What the task asks
Give back the data below word for word. Any image in it should be left out.

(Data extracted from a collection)
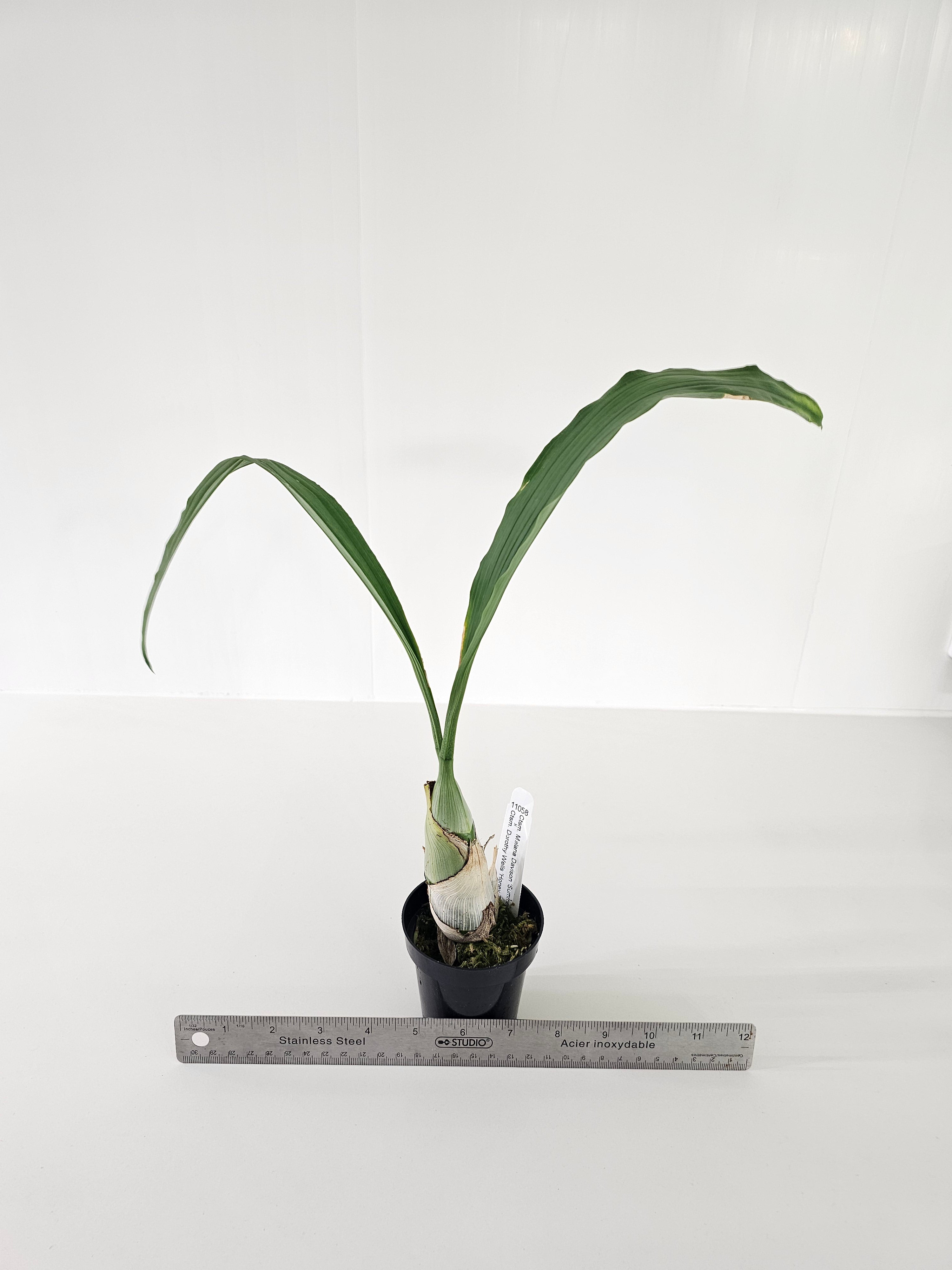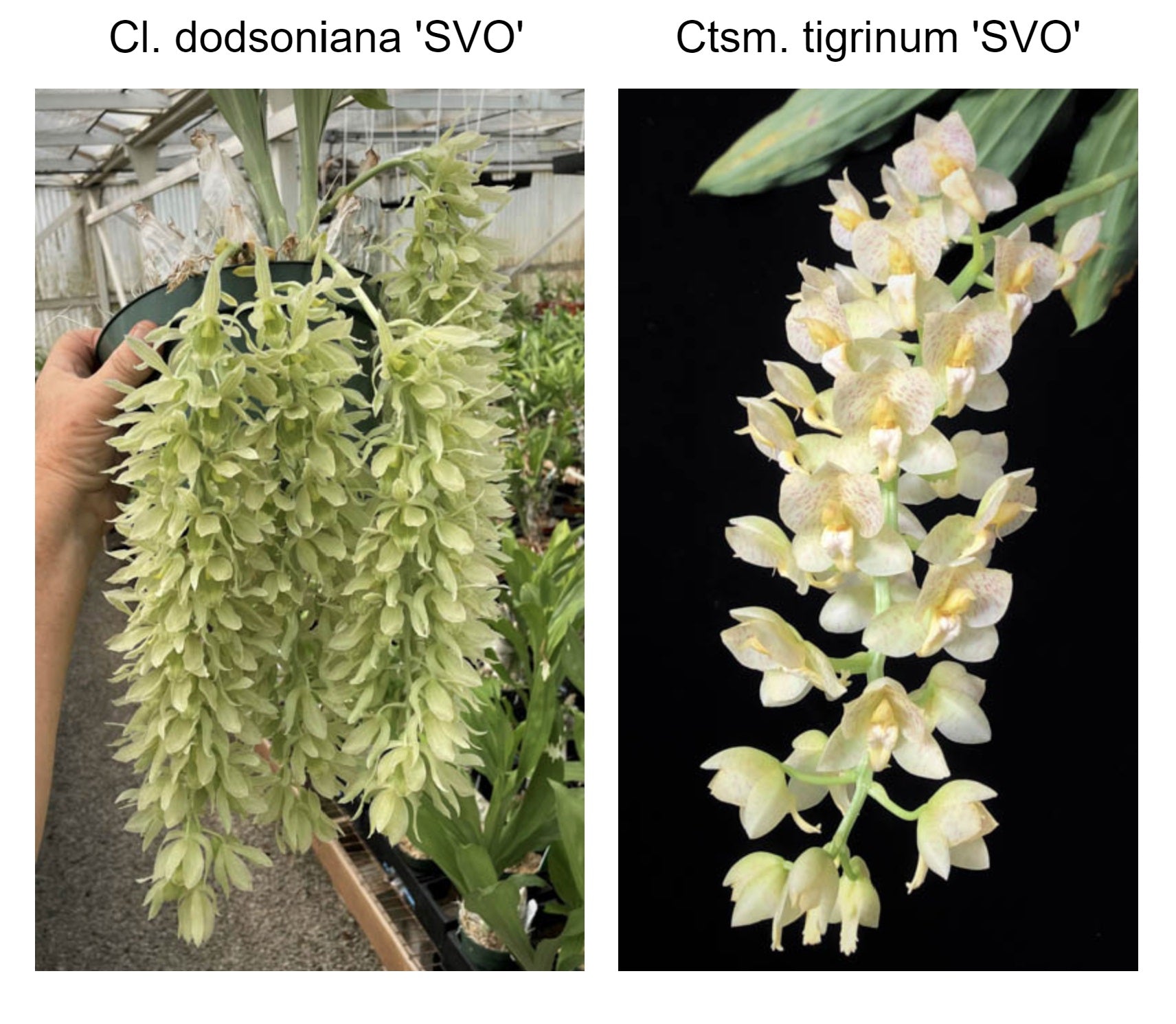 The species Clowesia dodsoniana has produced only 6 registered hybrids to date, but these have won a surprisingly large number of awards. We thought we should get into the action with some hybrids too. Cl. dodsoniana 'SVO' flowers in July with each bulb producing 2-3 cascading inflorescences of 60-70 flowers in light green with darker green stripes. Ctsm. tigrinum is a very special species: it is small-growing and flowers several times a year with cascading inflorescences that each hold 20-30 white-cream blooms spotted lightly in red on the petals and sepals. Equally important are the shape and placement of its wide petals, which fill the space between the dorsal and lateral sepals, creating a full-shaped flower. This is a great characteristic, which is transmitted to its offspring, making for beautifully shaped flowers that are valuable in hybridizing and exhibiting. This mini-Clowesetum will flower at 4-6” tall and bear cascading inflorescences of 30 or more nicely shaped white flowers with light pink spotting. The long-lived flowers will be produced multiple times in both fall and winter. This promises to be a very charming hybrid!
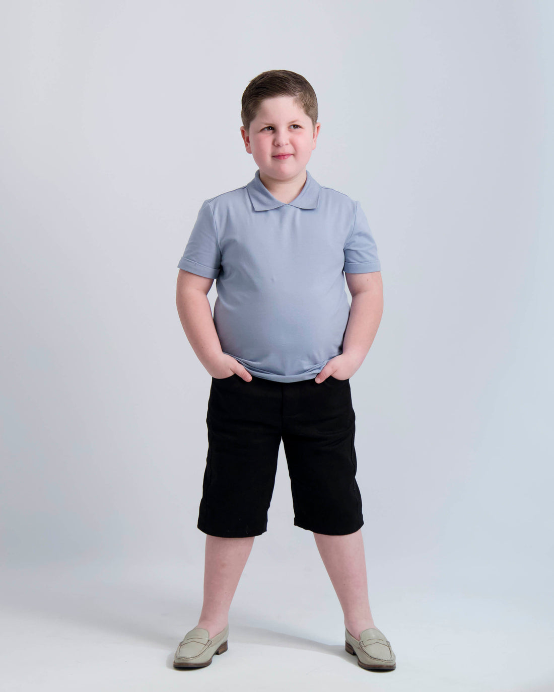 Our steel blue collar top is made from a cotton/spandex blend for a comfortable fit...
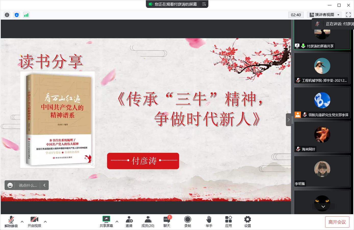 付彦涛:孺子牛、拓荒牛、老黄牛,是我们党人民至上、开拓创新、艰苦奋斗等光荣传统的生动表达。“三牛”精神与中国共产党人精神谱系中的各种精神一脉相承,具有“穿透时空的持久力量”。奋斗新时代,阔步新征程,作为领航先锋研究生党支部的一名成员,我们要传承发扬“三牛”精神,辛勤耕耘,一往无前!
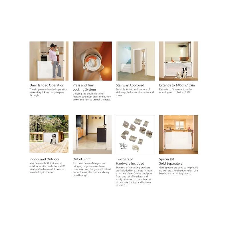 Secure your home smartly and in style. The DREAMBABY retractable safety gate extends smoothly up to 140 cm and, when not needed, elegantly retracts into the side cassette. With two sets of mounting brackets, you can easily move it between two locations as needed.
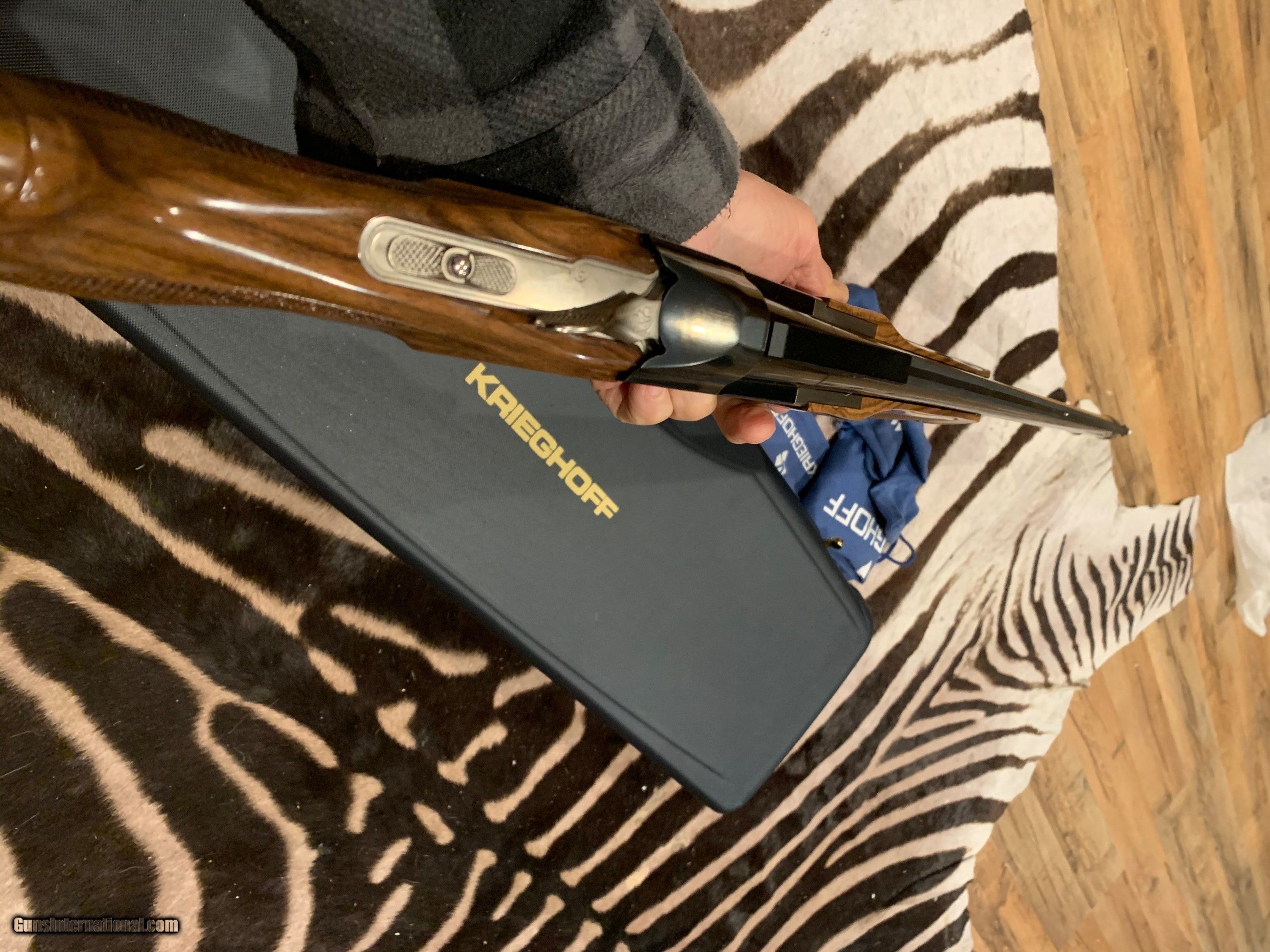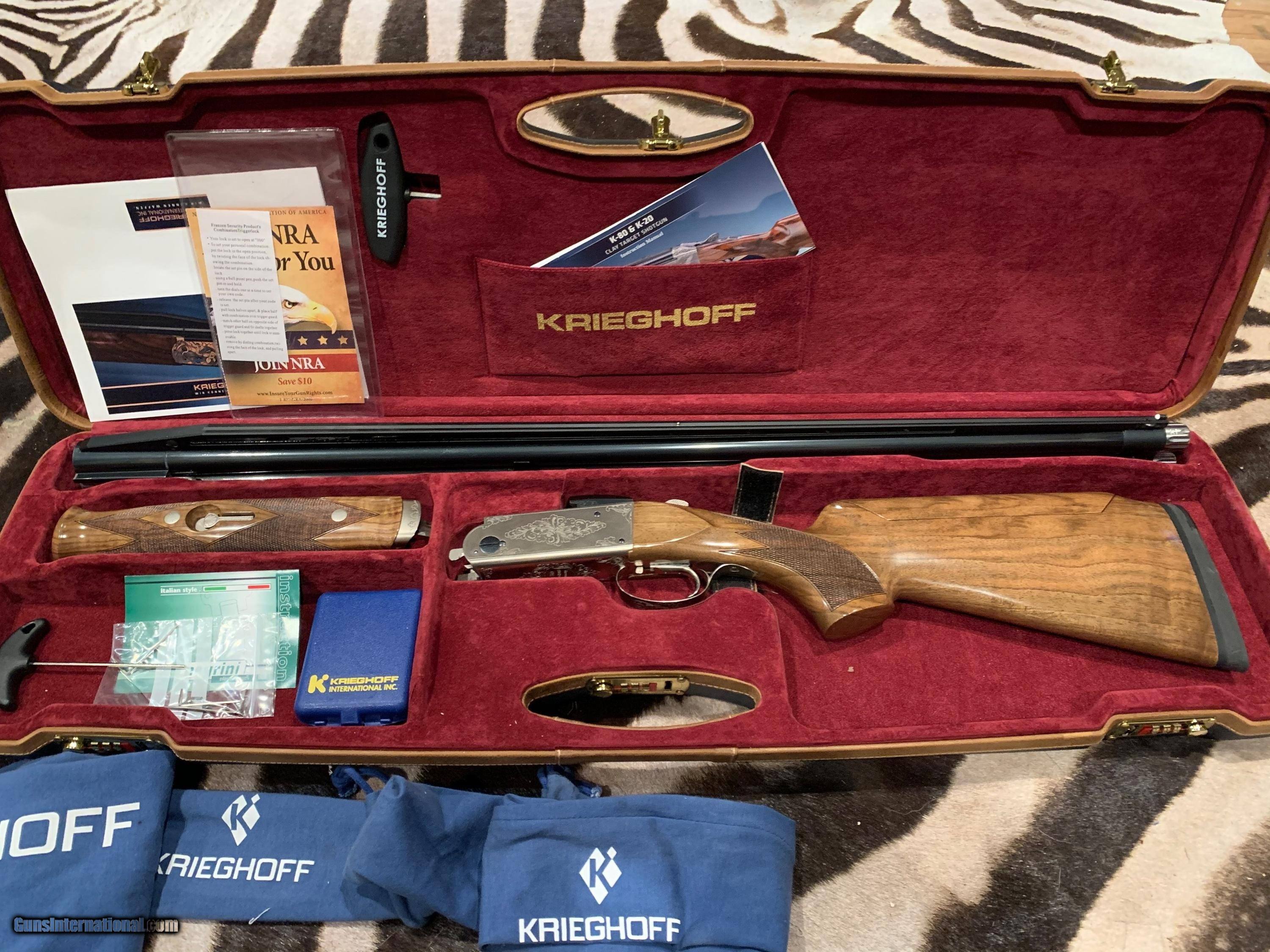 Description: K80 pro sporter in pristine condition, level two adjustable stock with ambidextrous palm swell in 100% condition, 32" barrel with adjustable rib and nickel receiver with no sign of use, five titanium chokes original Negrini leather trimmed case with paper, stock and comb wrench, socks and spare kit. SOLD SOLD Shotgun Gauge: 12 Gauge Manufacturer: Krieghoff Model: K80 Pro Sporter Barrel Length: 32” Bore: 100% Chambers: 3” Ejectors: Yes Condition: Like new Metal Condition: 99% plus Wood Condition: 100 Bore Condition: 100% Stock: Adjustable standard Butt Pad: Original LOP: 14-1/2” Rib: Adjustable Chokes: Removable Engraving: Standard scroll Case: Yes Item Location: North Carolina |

Result of this task
 The species Clowesia dodsoniana has produced only 6 registered hybrids to date, but these have won a surprisingly large number of awards. We thought we should get into the action with some hybrids too. Cl. dodsoniana 'SVO' flowers in July with each bulb producing 2-3 cascading inflorescences of 60-70 flowers in light green with darker green stripes. Ctsm. tigrinum is a very special species: it is small-growing and flowers several times a year with cascading inflorescences that each hold 20-30 white-cream blooms spotted lightly in red on the petals and sepals. Equally important are the shape and placement of its wide petals, which fill the space between the dorsal and lateral sepals, creating a full-shaped flower. This is a great characteristic, which is transmitted to its offspring, making for beautifully shaped flowers that are valuable in hybridizing and exhibiting. This mini-Clowesetum will flower at 4-6” tall and bear cascading inflorescences of 30 or more nicely shaped white flowers with light pink spotting. The long-lived flowers will be produced multiple times in both fall and winter. This promises to be a very charming hybrid!
 Our steel blue collar top is made from a cotton/spandex blend for a comfortable fit...
 付彦涛:孺子牛、拓荒牛、老黄牛,是我们党人民至上、开拓创新、艰苦奋斗等光荣传统的生动表达。“三牛”精神与中国共产党人精神谱系中的各种精神一脉相承,具有“穿透时空的持久力量”。奋斗新时代,阔步新征程,作为领航先锋研究生党支部的一名成员,我们要传承发扬“三牛”精神,辛勤耕耘,一往无前!
 Secure your home smartly and in style. The DREAMBABY retractable safety gate extends smoothly up to 140 cm and, when not needed, elegantly retracts into the side cassette. With two sets of mounting brackets, you can easily move it between two locations as needed.
 Description: K80 pro sporter in pristine condition, level two adjustable stock with ambidextrous palm swell in 100% condition, 32" barrel with adjustable rib and nickel receiver with no sign of use, five titanium chokes original Negrini leather trimmed case with paper, stock and comb wrench, socks and spare kit. SOLD SOLD Shotgun Gauge: 12 Gauge Manufacturer: Krieghoff Model: K80 Pro Sporter Barrel Length: 32” Bore: 100% Chambers: 3” Ejectors: Yes Condition: Like new Metal Condition: 99% plus Wood Condition: 100 Bore Condition: 100% Stock: Adjustable standard Butt Pad: Original LOP: 14-1/2” Rib: Adjustable Chokes: Removable Engraving: Standard scroll Case: Yes Item Location: North Carolina |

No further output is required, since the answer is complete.